The action of this apparent flow on each foil section generates both a lift and drag force, the sum of which is shown in the figure above titled "Net force vectors". Each of these net force vectors can be split into two orthogonal vectors: a radial component and a tangential component, shown here as "Normal force" and "Axial force" respectively. The normal forces are opposed by the rigidity of the turbine structure and do not impart any rotational force or energy to the turbine. The remaining force component propels the turbine in the clockwise direction, and it is from this torque that energy can be harvested.

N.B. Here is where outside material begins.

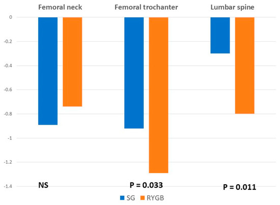 The clinical relevance of the mean decrease in BMD is that 2 years after surgery, up to 2.1% of patients showed t-score values in the range of osteoporosis and up to 5.7% in the range of osteopenia, without significant differences between the surgical procedures. However, the mean BMD reduction was significantly higher among patients undergoing a RYGB at the lumbar spine and the femoral trochanter, without differences at the femoral neck. This is probably a consequence of a higher increase in PTH values in the group of patients with RYGB.

[With regards to the figure "Apparent flow velocity...", Lucid Energy Technologies, rights holder to the patent to the Gorlov Helical Turbine, notes that this diagram, with no apparent velocity at an azimuth angle of 180 degrees (blade at its point in rotation where it is instantaneously moving in downstream direction), may be subject to misinterpretation. This is because a zero apparently flow velocity could occur only at a tip speed ratio of unity (i.e. TSR=1, where the current flow induced by rotation equals the current flow). The GHT generally operates at a TSR substantially greater than unity.]

(The diagrams "Net Force Vectors" and "Normal Force Vectors" are partially incorrect. The downwind segments should show the vectors outside the circles. Otherwise there would be no net sideways loading on the turbine.) M Koester 2015.

==Commercial use==

Helical turbines in water stream generate mechanical power independent on direction of the water flow. Then electric generators assembled upon the common shaft transfer the power into electricity for the commercial use.